Although perhaps not as hair-raising as the highway pile-up intro of the second "Final Destination" (directed by David Richard Ellis), the carnival-based catastrophe resonates with the sickening fear induced by amusement rides. The sequence sets a youthful tone for the subsequent violence to flourish. Death becomes a character with a mean sense of completion in a movie that, like a rollercoaster ride, includes lots of jolting twists and drops into an abyss of imminent destiny.
Each of the three "Final Destination" movies has emphasized different aspects of death as a lurking hunter, hungry to take the lives of those who escaped his initial assault on their specific domain. It's all about the very disturbing premise that all electrical and mechanical objects have a malevolent mind of their own.The first movie took glee in exposing audiences to the idea of sudden death as a blind-siding menace that could strike with less notice than a bolt of lightening. The device works as a modern symptom of existential reality.
The second film concentrated on the potential danger of everyday objects. It milked the element of suspense for all it was worth. The effect was to leave audiences afraid to flick a light switch or a toaster for fear of the deadly chain reaction that they might unknowingly set into motion.
"Final Destination 3" favors a corporeal fascination with young bodies when fast-moving heavy metal objects slice, crush, or splatter people to smithereens.
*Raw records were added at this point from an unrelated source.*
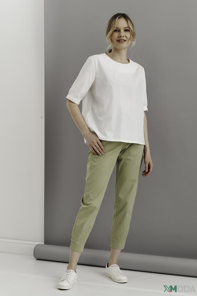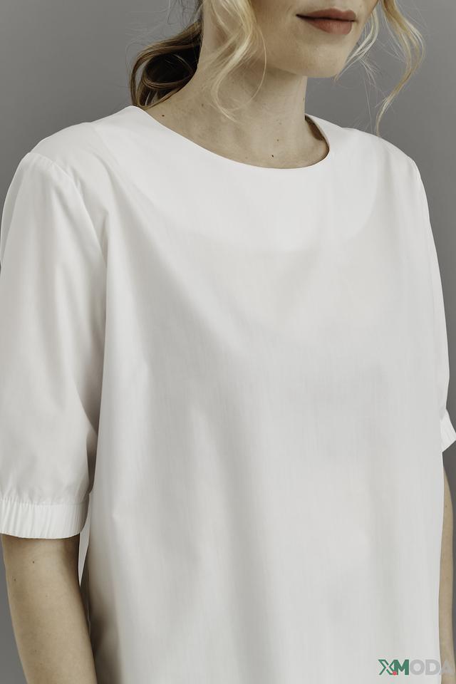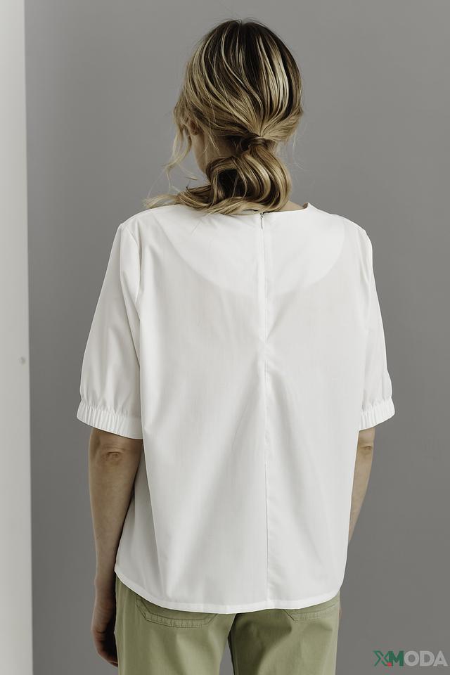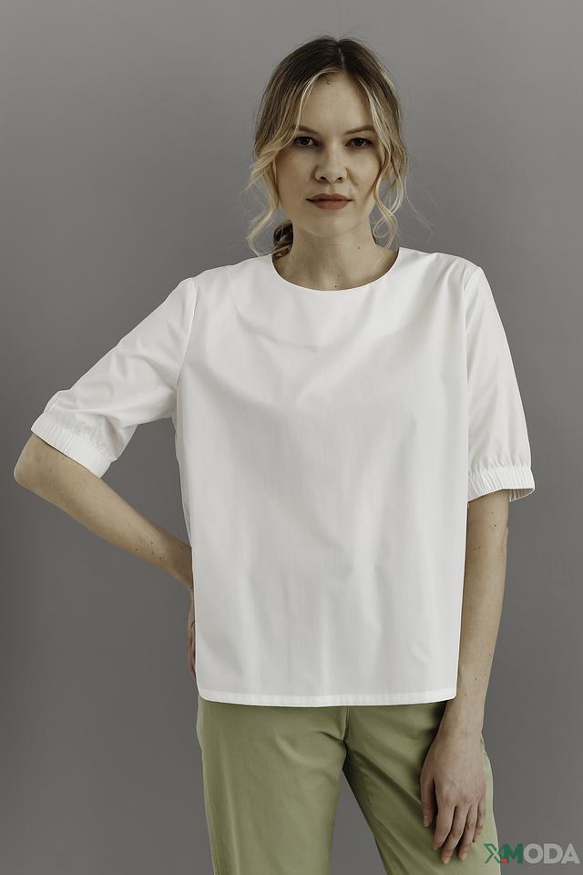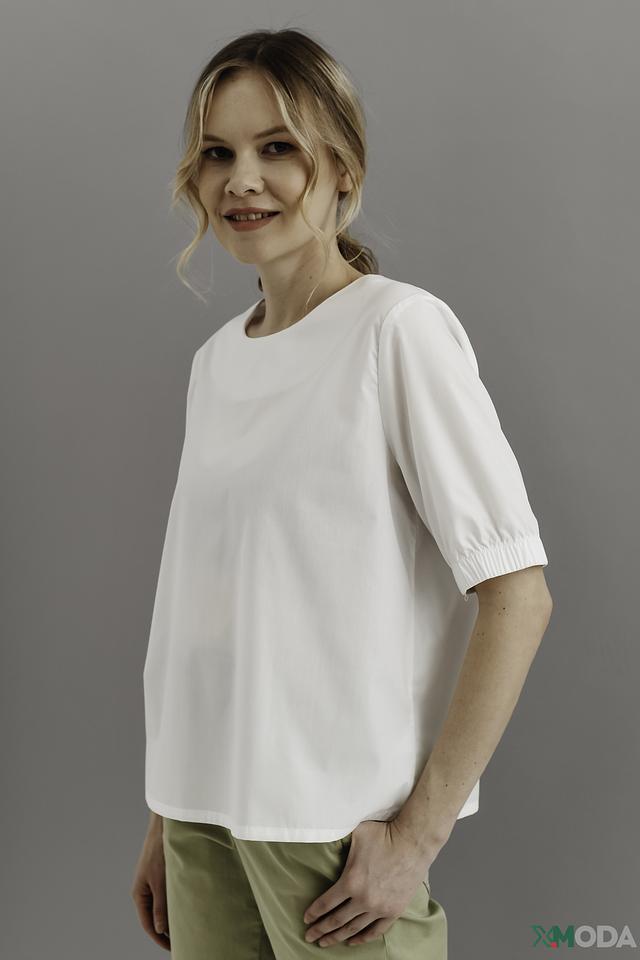 Блуза имеет прямой крой, круглый вырез горловины и короткие рукава 3/4 с небольшими сборками по плечу. Белый цвет делает ее универсальной и легко сочетаемой с различными элементами одежды.
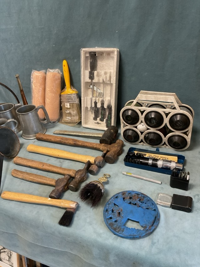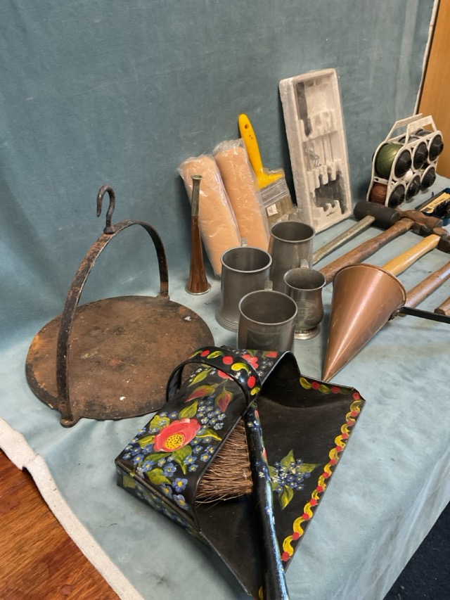 Miscellaneous items - pewter tankards, tools, a floral handpainted dustpan & brush, a cast iron skillet, a set of boules, a Butler hunting horn, a copper funnel, etc. (A lot)
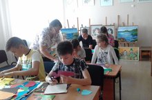 Преподаватель художественного отделения провела урок с гостями из реабилитационного центра "Умырзая", рассказала и показала, как можно совмещать две разные техники в живописи.
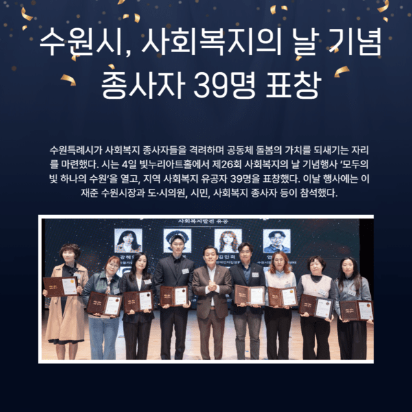 수원시, 사회복지의 날 기념...종사자 39명 표창
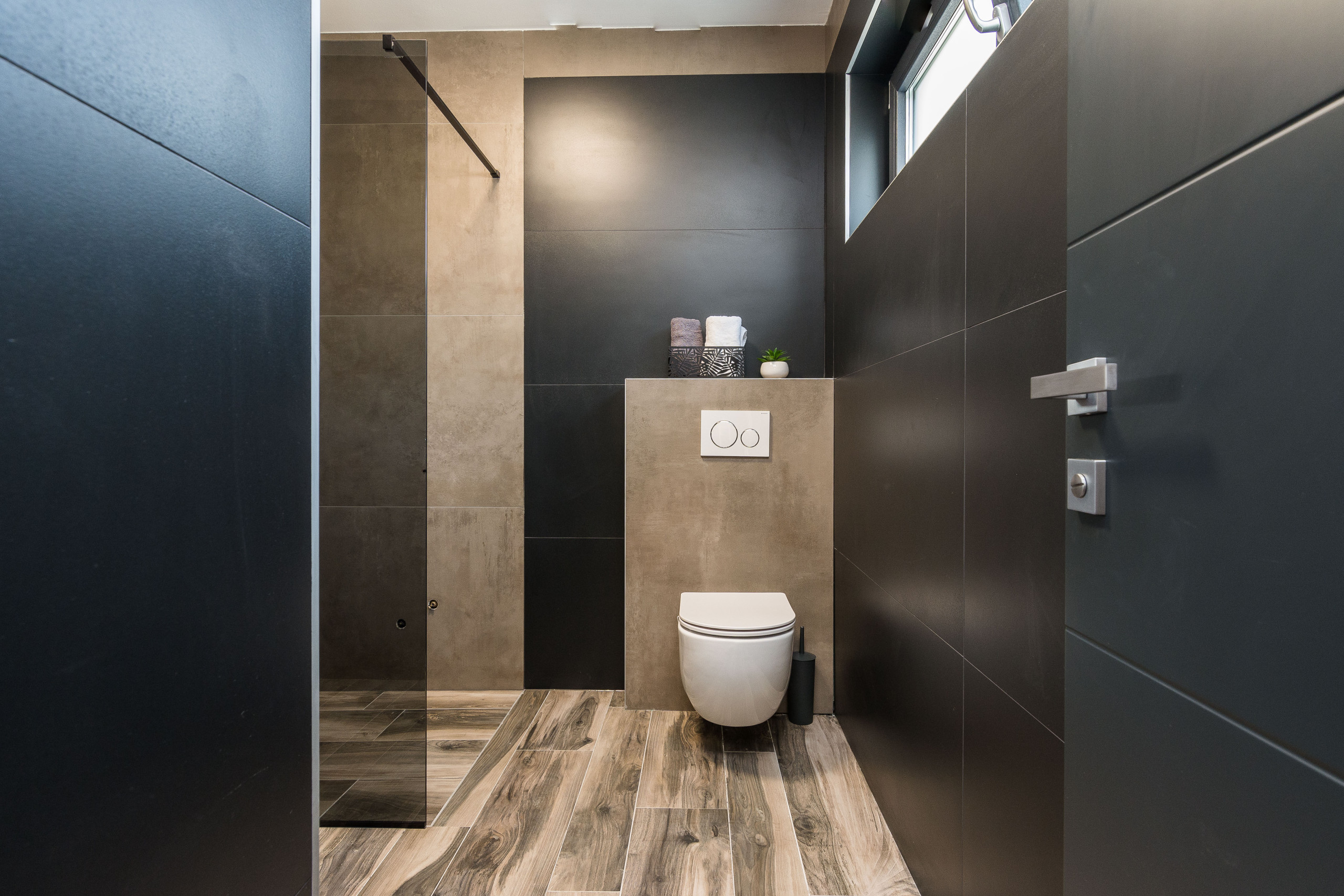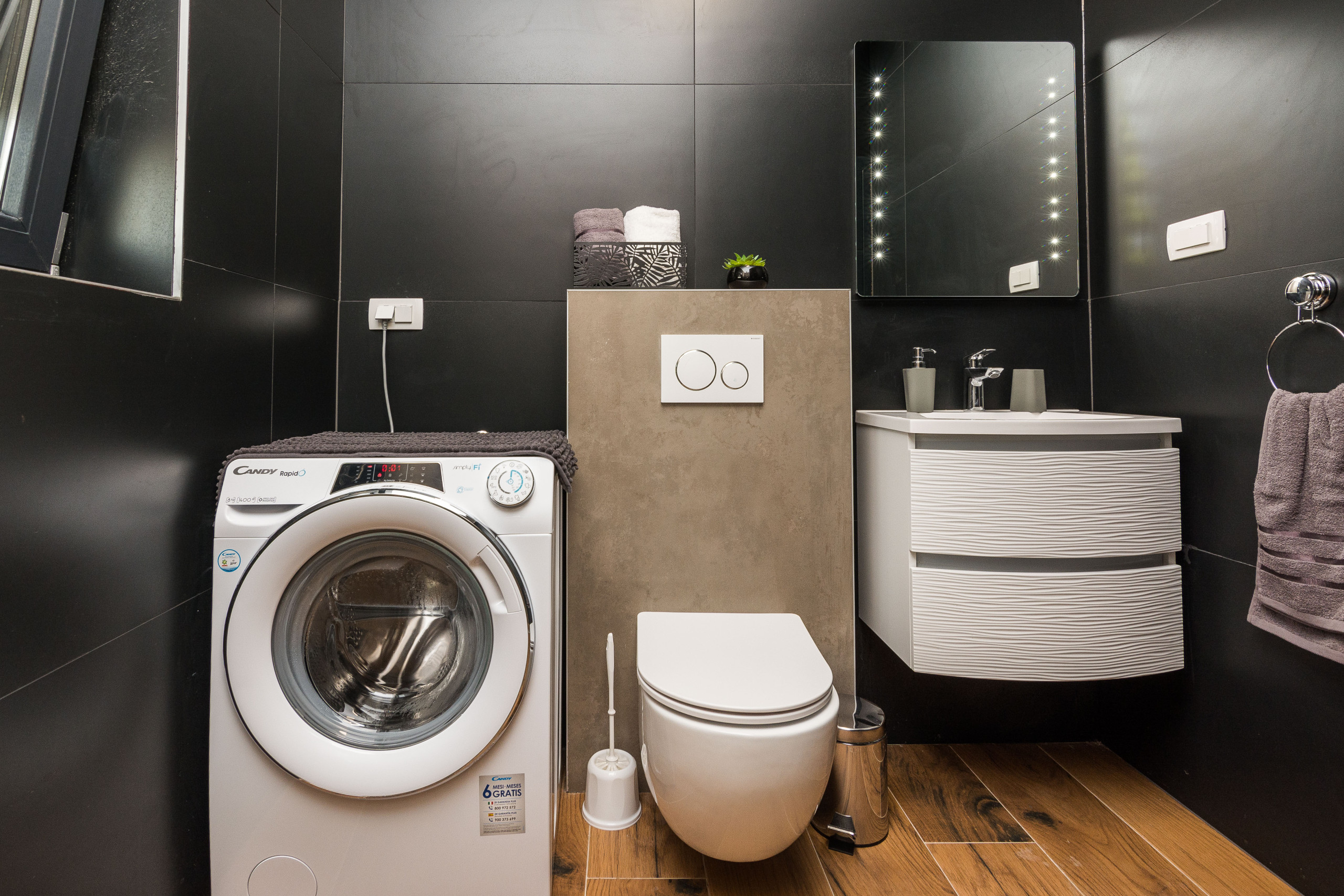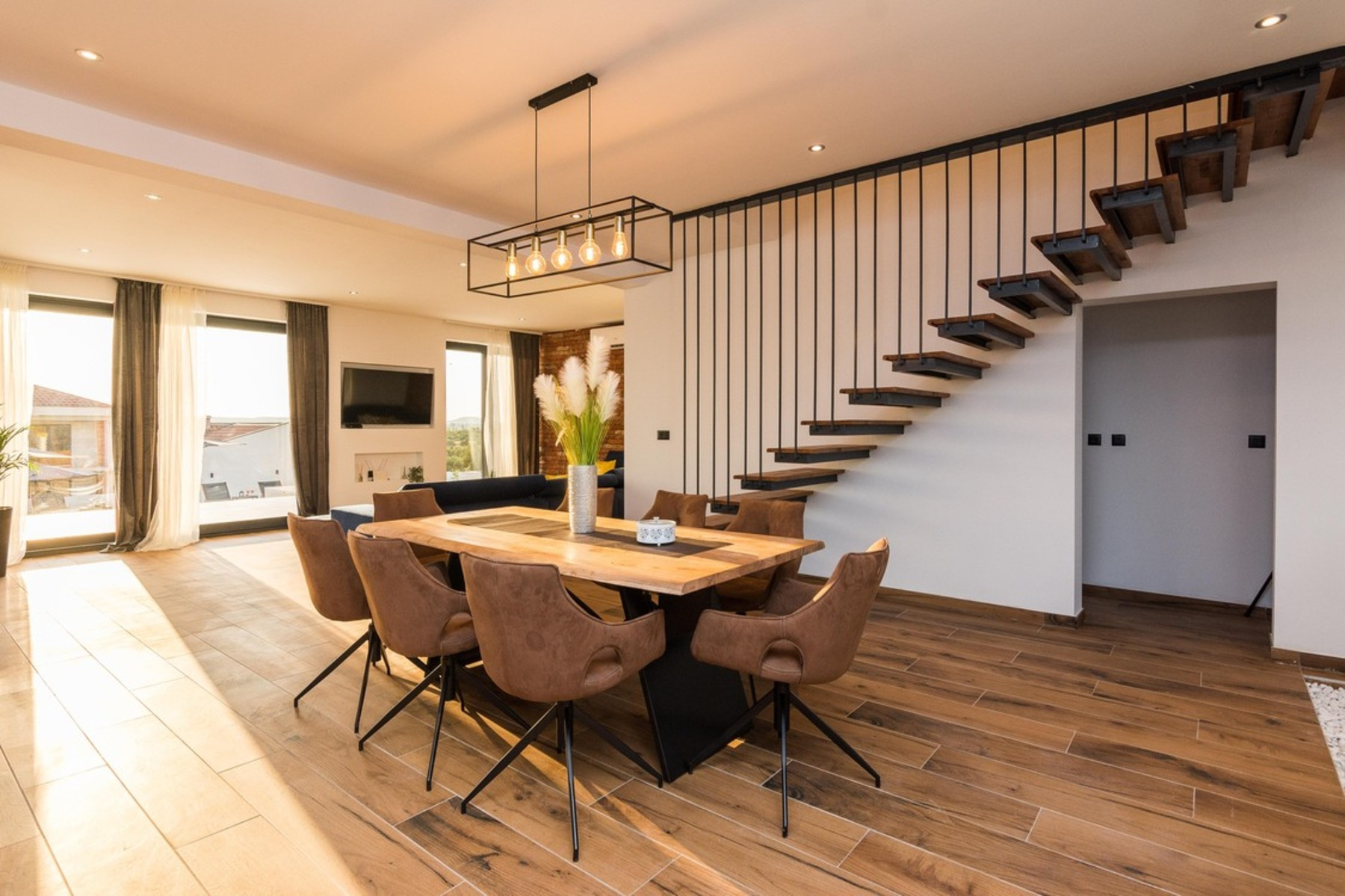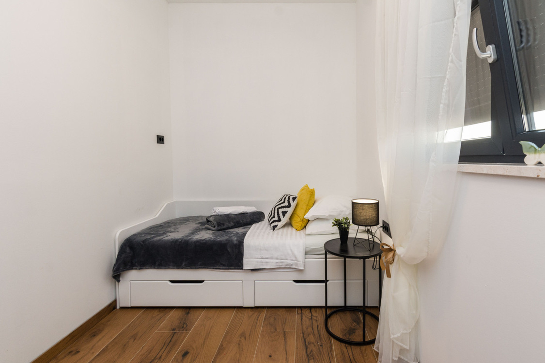 On the ground floor of Villa Lara, there is a modern, fully equipped kitchen, a dining area, a spacious living room, and one bedroom with a private bathroom. The first floor features three more elegant bedrooms, each with an en-suite bathroom with a shower. An additional sleeping option are two portable beds, and for the youngest guests, a baby cot is available. One of the bedrooms is furnished with two single beds, while the other three have comfortable double beds.
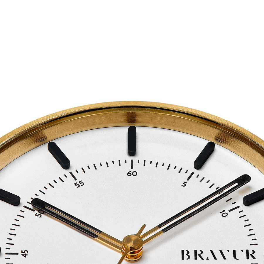 The BW002G in gold plated is a distinct expression of a luxurious timepiece with well balanced details. The design takes it starting point in a cylindrical shape, with a lugless case and a thin bezel surrounding the domed sapphire crystal. Every index is meticulously placed on the dial by hand. Applied hour indices with corresponding shape of the hands give the watch a pared-down elegance.
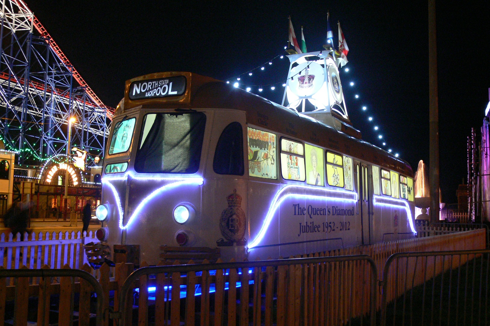 Pride of the FHLT fleet, Brush car 290 seen fully illuminated at Pleasure Beach in September 2012 carrying its stunning Diamond Jubilee livery. (Photo by Andrew Waddington)

There’s also a satirical affinity for the flesh-burning properties of tanning machines that gets sufficiently explored in a death sequence involving two vain nubile girls with double digit IQs. The filmmakers take full advantage of production and sound design elements to scare the pants off the audience.
Whether conscious or not on the part of the filmmakers, the gory logic follows America’s understandable desire to rationalize the effects of such physical violence that its invisible soldiers are suffering in Afghanistan and Iraq.
The Bush administration’s blatant censorship of media coverage of the wars has instigated a silent obsession for closure in America’s collective subconscious. A consequence of "embedded journalists" and a refusal to allow showing the flag-draped coffins of deceased American soldiers being returned to their home soil has left the country with a natural curiosity made morbid by censorship.
A cast of relatively unknown actors fulfills the franchise’s tradition of using disposable faces that can be nullified at any moment. The idea of disposability is one that scriptwriters Glen Morgan and James Wong explore with a ruthless satirical tone that directly addresses our collective preoccupation with death and fear.
The film closes with a subway disaster as envisioned by the clairvoyant Wendy (Mary Elizabeth Winstead) whose premonition of rollercoaster disaster saved the lives of a handful of classmates at the beginning of the story. The virtuosic display of public transport violence reverts back to the somewhat calmer reality of Wendy’s panic as she and her surviving friends ride the subway to their final destination.
By now the fear and the bloody violence have become inseparable. "Fear equals death" is the equation that we’re left with. You’ll be challenged to recall which was scarier: the suspense, the gore or the threat of either one.